Francja. Rolnicy szykują się na Paryż
Autostrada A1 zablokowana na północ od Paryża. To wyraźny znak, że protestujący we Francji rolnicy się nie patyczkują. Wprawdzie Paryż jeszcze nie został zajęty, ale nie jest to wykluczone, że w najbliższych godzinach, albo dniach się to zmieni. Według doniesień medialnych niemal cała Francja objęta jest już rolniczymi protestami. Najnowsze dane informują, że strajki niezadowolonych z polityki rolników obejmują 85 na 101 departamentów.
Sekcje większości związków rolniczych FNSEA i Young Farmers wezwały do blokady Paryża. Według ich zapewnień ciągniki mają pojawić się w stolicy Francji dziś wieczorem (26 stycznia - dop. red.). Rolnicy w ten sposób chcą wywrzeć presję na rządzących krajem. Rząd w obawie o sparaliżowanie Paryża zdecydował się na rozmowę z protestującymi. Dziś premier Gabriel Attal ma ogłosić pierwsze działania w odpowiedzi na żądania rolników.
Francuski protest najbardziej zajadły w Europie?
Strajk rolników rozlewa się na kolejne kraje. Protestują Niemcy, Polska, Rumunia, Włochy i Francja. Jednak to o francuskich rolnikach pisze się i mówi jako o tych, którzy najbardziej śmiele walczą o swoje. W zdecydowanej większości krajów rolnicze protesty mają charakter demonstracji, blokowania dróg i czy powolnych przejazdów kolumny ciągników rolniczych po istotnych drogach.
We Francji protest jest zdecydowanie bardziej wzmożony. To w tym kraju rolnicy sięgnęli po znacznie większy wachlarz wyrażania swojego niezadowolenia z aktualnej sytuacji w kraju. Obrzucanie obornikiem czy polewanie budynków administracji rządowej gnojowicą to często obrazki z francuskiej demonstracji niezadowolonych rolników.

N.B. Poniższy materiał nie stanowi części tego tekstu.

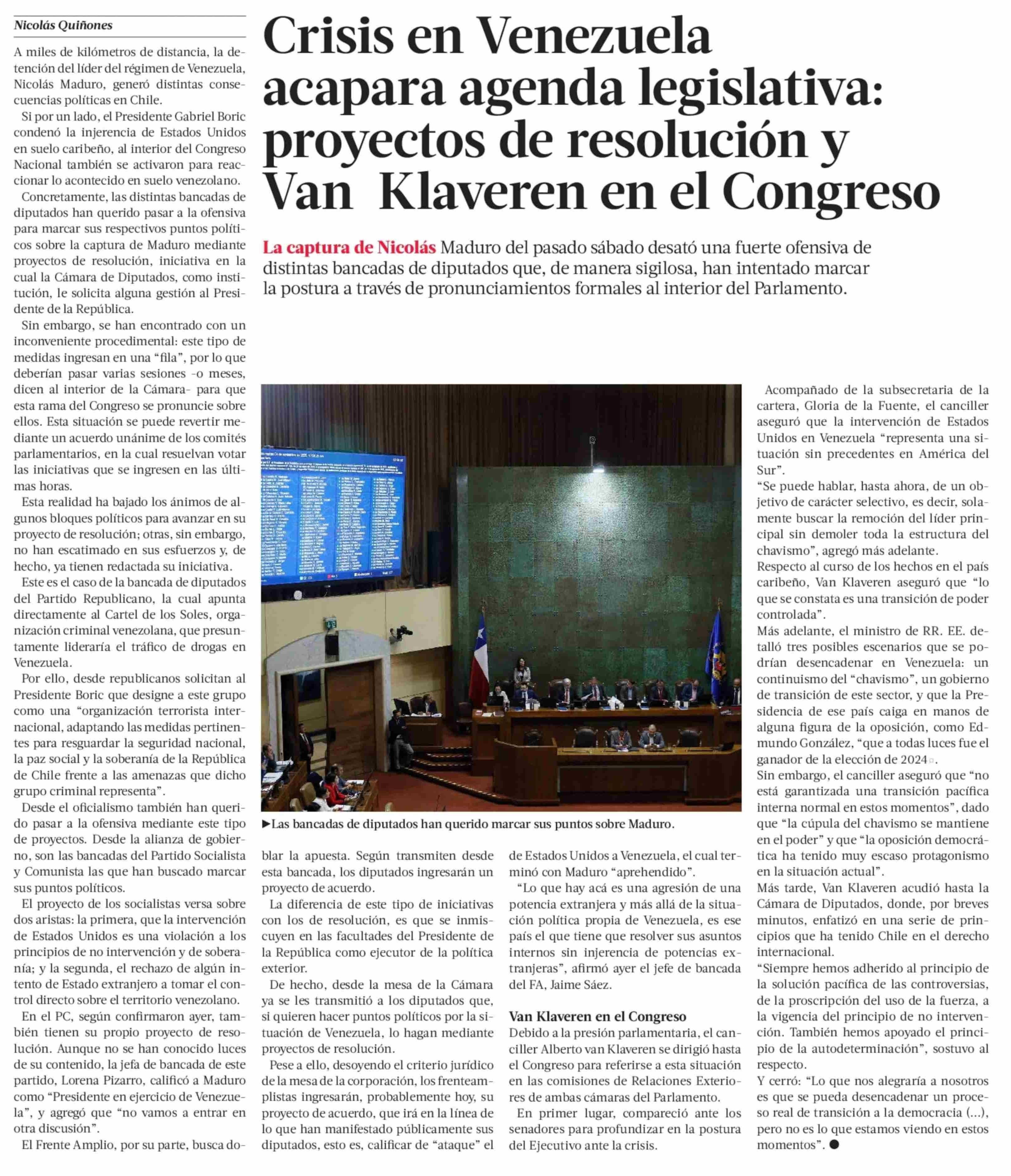 Crisis en Venezuela acapara agenda legislativa: proyectos de resolución y Van Klaveren en el Congreso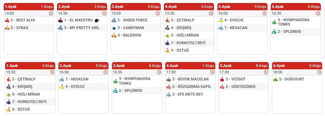 4.AYAK: 6 KİNG VOLKAN ilk yarışına göre en iyi isim. 1 AKGÜN AĞA rakibi. 3 ÇETİNALP ilk koşusunda tempoya uyamadı. Şimdi DB takılmış Kocakaya yine üstünde. 7 KORKUTELİ BEYİ işleri çok iyi. 5 HIZLI MİRAN’ın Urfa yarışı fena değil. 2 ÇELİK TOYNAK diğer ihtimal.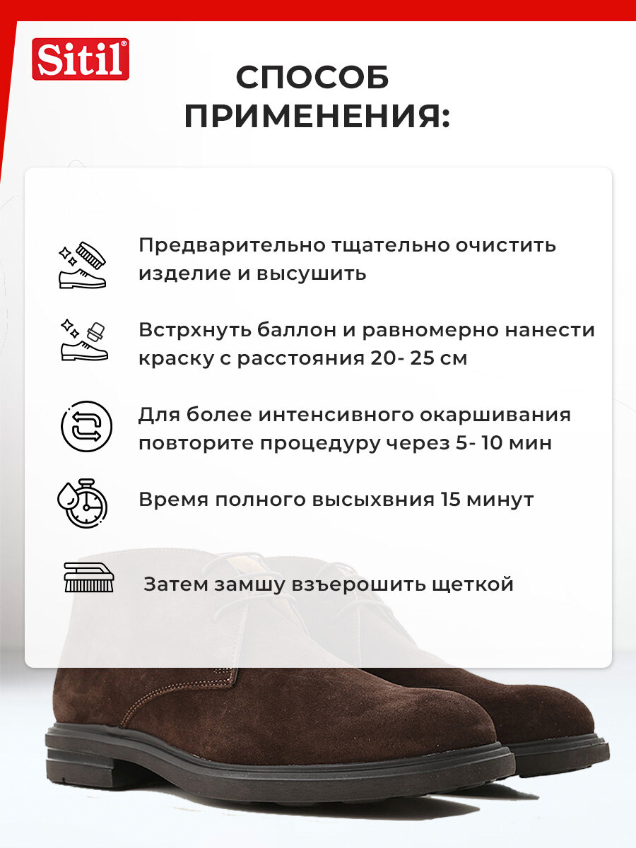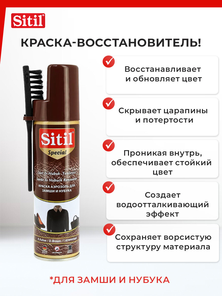 Быстро и эффективно восстанавливает цвет обуви, одежды и аксессуаров из замши, велюра и нубука, не склеивая ворс. Сохраняет бархатистость замши, обладает водоотталкивающим эффектом. Цвета: бесцветный, темно-коричневый, черный.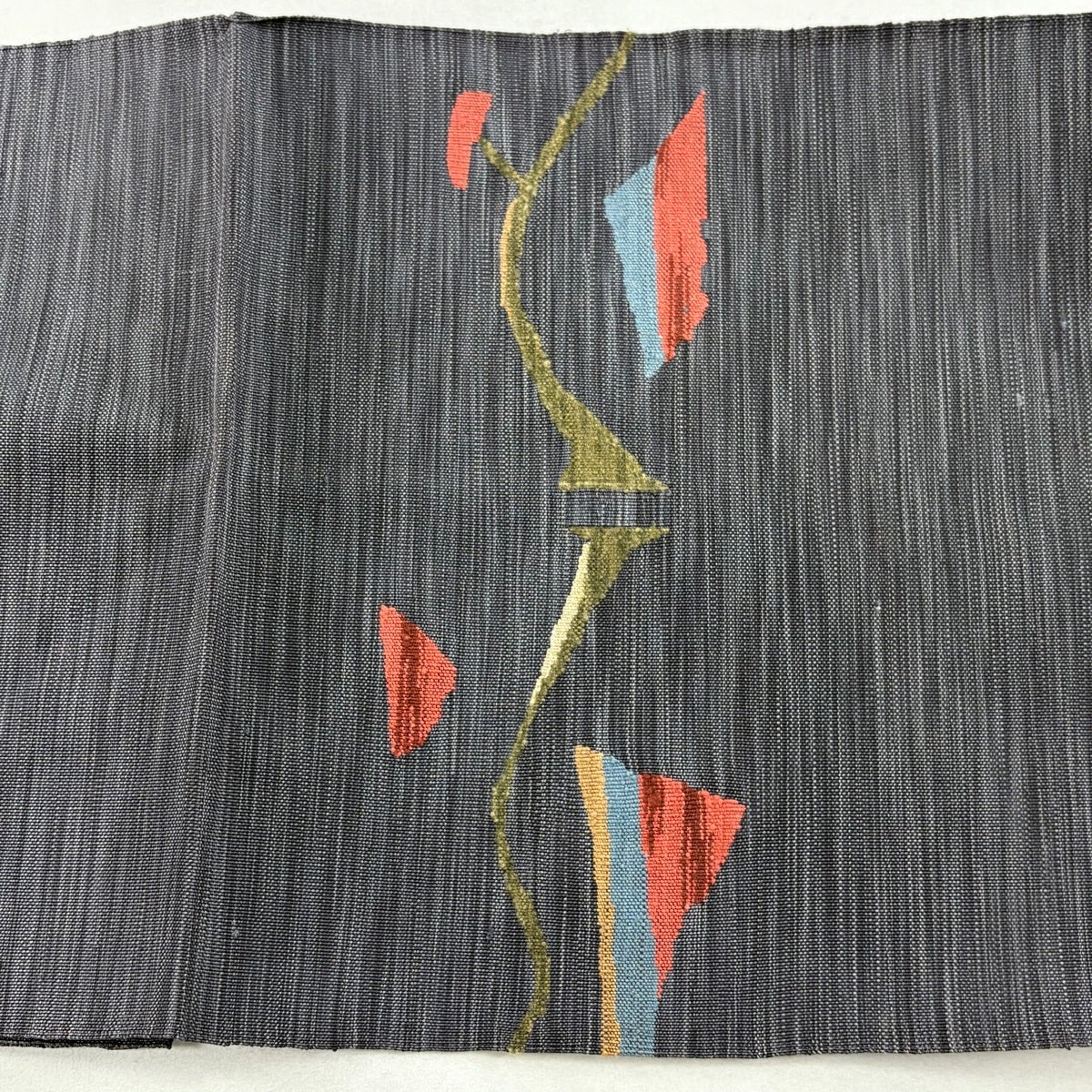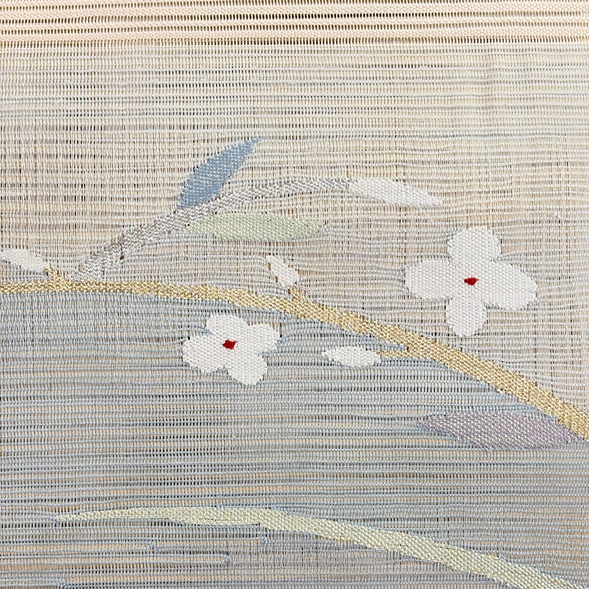 名古屋帯 秀品 落款あり 夏帯 夏紬地 萩 銀彩 灰色 正絹

Francuscy farmerzy zdają sobie sprawę z konsekwencji takich zachowań i ewentualnych kar, jakie z tego tytułu im grożą, ale mimo tego decydują się na takie śmiałe i odważne zachowania.
Niestety protesty te obarczone są też niebezpieczeństwem, o czym przekonała się rodzina protestującej rolniczki. Podczas blokady drogi wjechał w nią samochód osobowy. Na miejscu zginęła 34-letnia protestująca, a jej mąż i córka z obrażeniami ciała trafili do szpitala.
Owce zamiast ciągników
Rolnicy z Francji radzą sobie, jak tylko mogą. Korzystają z tego, co akurat mają. A gdy nie mają ciągników, żeby zablokować drogę, używają to tego celu... zwierząt. Taki nietypowy protest z wykorzystaniem owiec miał miejsce w miejscowości Draguignan, w regionie Prowansja-Alpy-Lazurowe Wybrzeże.